Finally, prediction means to learn from historical data to predict the future or at least the present. Weather forecast, Stock price movement, customer churn rate etc are some examples.

However, ML is not magic or rocket science. There is no ‘one-fit-all’ algorithm as stated by No Free Lunch Theorems. ML algorithms are data dependent, parameters dependent, and objective dependent. However, it is amazing when you start to observe its connection with the actual decision making of our mind – which we generally take for granted.

Example 3) Mango Shopping

Suppose you go shopping for mangoes one day. The vendor has laid out a cart full of mangoes. You can handpick the mangoes, the vendor will weigh them, and you pay according to a fixed Rs per Kg rate (typical story in India).

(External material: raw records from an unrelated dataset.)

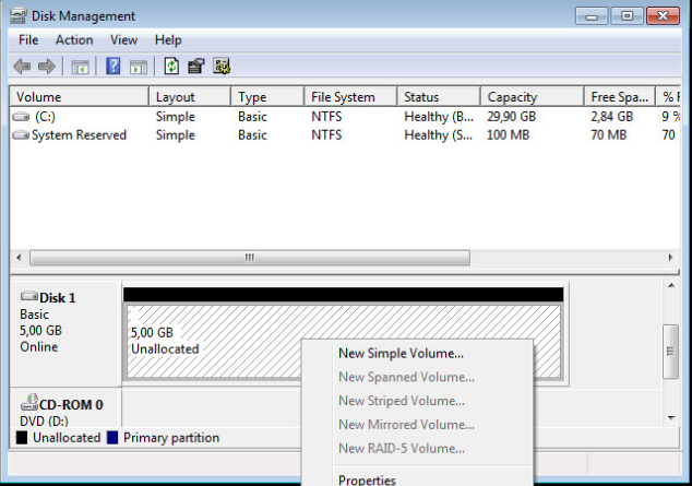 Добавление диска и создание раздела в Windows происходит следующим образом: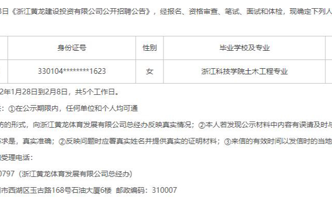 浙江黄龙建设投资有限公司拟聘人员公示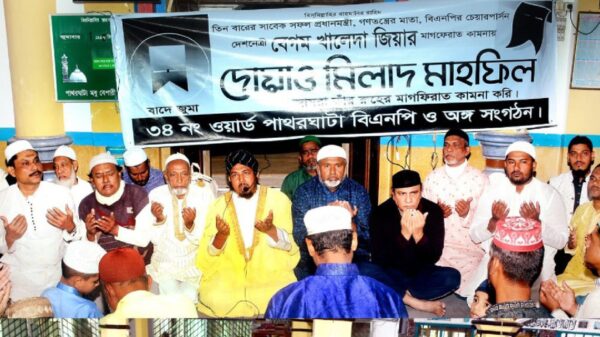 ৩৪নং পাথরঘাটা ওয়ার্ড বিএনপির উদ্যোগে খালেদা জিয়ার রুহের মাগফেরাত কামনায় দোয়া মাহফিল

Obviously, you want to pick the sweetest, most ripe mangoes for yourself (since you are paying by weight and not by quality). How do you choose the mangoes?

You remember your grandmother saying that bright yellow mangoes are sweeter than pale yellow ones. So you make a simple rule: pick only from the bright yellow mangoes. You check the color of the mangoes, pick the bright yellow ones, pay up, and return home. Happy ending?

Not quite.

Suppose you go home and taste the mangoes. Some of them are not sweet as you’d like. You are worried. Apparently, your grandmother’s wisdom is insufficient. There is more to mangoes than just color.

After a lot of pondering (and tasting different types of mangoes), you conclude that the bigger, bright yellow mangoes are guaranteed to be sweet, while the smaller, bright yellow mangoes are sweet only half the time (i.e. if you buy 100 bright yellow mangoes, out of which 50 are big in size and 50 are small, then the 50 big mangoes will all be sweet, while out of the 50 small ones, on average only 25 mangoes will turn out to be sweet).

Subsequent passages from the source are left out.